Domanda: Santanche’ ed affini, la mattina al risveglio, si concentrano quotidianamente su come rendere migliore la vita all’operaio di Monfalcone od al contadino calabrese, o innalzare il livello culturale della nostra scuola o la qualità dei nostri ospedali? Dubito. È quello che dovrebbero fare a sinistra per una minima speranza di risorgere. Non è difficile con una destra così palesemente cialtrona. Non va neanche bene dire “si va bene, ma anche gli altri sono cosi”. Che la qualità della nostra classe politica sia rasoterra è noto e visibile, ma ci sono limiti anche a livelli di vergogna non superabili. Gli italiani sono migliori della classe politica che, ahimè, per vari motivi riescono ad esprimere. Per questo motivo ho la convinzione che se la Meloni avesse con chiarezza scaricato la Santanche’ superando facilmente la difesa di facciata degli alleati avrebbe fatto l’ennesimo cappotto alla sinistra che anche in questa occasione ha mostrato la sua pochezza.
A margine: avvocato La Russa, PRESIDENTE DEL SENATO, non ha niente da dire in merito a questo caso.
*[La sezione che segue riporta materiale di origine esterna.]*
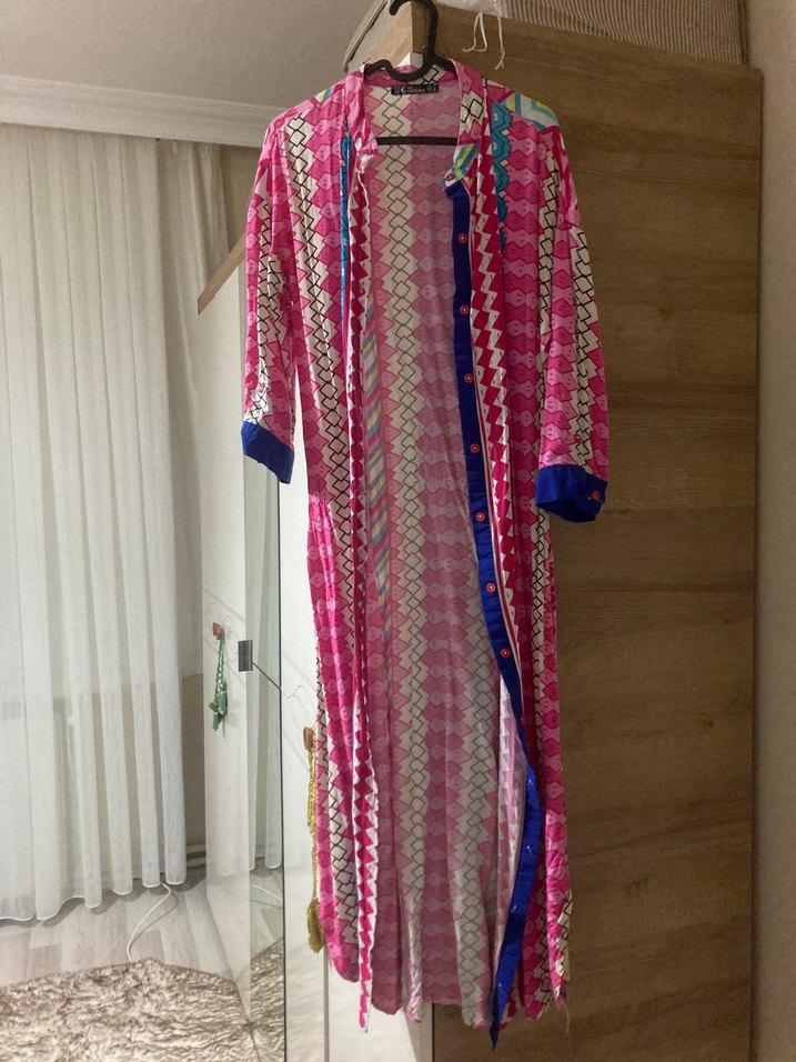 Renkli, bol kesim bohem uzun elbise, uzun kollu ve yakası çentikli. Canlı batik desenli, püsküllü ve yumuşak dokulu kumaştan yapılmıştır.

Siamo all’ Italia, disse la frutta.
Da sottoscrivere, in toto.
Gentile Professore, Caro Paolo,
Confesso tutta la mia confusione. Una minis-tra sì fatta (e rifatta) imbarazza la sinistra? E questo perché esponenti della sinistra, molti o pochi che siano, si dissetano al tavolo dei “suoi” locali (sono piuttosto dei suoi creditori)? Le prime a doversi vergognare sono la destra e la minis-tra stessa, per la sfrontatezza con la quale propala le sue idee mefitiche, per le sue imbarazzanti frequentazioni, per la rapacità con la quale gestisce le aziende, per come tratta il personale dipendente, per la spudoratamente menzognera comunicazione resa in Senato.
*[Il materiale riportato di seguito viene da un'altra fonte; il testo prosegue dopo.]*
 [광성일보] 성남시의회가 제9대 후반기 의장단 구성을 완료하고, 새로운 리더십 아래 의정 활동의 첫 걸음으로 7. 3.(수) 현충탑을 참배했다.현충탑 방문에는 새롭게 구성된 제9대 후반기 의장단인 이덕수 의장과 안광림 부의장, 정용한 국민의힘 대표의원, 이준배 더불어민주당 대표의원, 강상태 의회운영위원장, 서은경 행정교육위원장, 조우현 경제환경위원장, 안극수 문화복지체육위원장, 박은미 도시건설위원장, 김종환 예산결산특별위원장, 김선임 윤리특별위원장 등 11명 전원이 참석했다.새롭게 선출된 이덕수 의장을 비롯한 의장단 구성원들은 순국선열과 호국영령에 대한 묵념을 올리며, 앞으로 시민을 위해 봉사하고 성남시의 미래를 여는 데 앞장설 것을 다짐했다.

Mi sono sempre chiesto perché l’opinione pubblica è stata sempre così conciliante con i prepotenti certificati e meno con le rane gonfie di sè a voler sembrare buoi. Con i maglioncini di cachemire di Bertinotti, le sue seratone sulle terrazze romane accompagnato da nobili destrorsi decaduti e meno, o per nulla, con le mezze tacche con guance impomatate e narici infiammate.
La categoria dello scroccone rispetta l’equa distribuzione tra le genti, come l’intelligenza, la malvagità; non è in via di estinzione. La compravendita delle influenze, del consenso, della benevolenza per un piatto di malloreddos è costume antico che qualifica entrambe le parti del negozio e -stabilendo il peso relativo della responsabilità- colora di ridicolo i protagonisti e le comparse.
Un affettuoso augurio di buon fine settimana
Caro Professore, mi spiace dissentire, ma rivendico il diritto all’edonismo anche a Sinistra. Le battaglie buone e giuste si possono fare anche se si va dal sarto o dal camiciaio.
Anzi, diffiderei da chi, per apparire uguale agli ultimi, si traveste e va in Parlamento con gli stivali di gomma.
Riguardo alle accuse della Pitonessa ai frequentatori dei suoi locali: immagino fossero ospiti paganti e non tenuti a richiedere il Durc prima di sedersi al tavolo.
Già. Non è un caso che ci sia stata inflitta per anni questa classe dirigente. E la sinistra, molti a sinistra, non son meno beceri. Nessun ideale, se non il piacere e i soldi. La classe politica è livellata.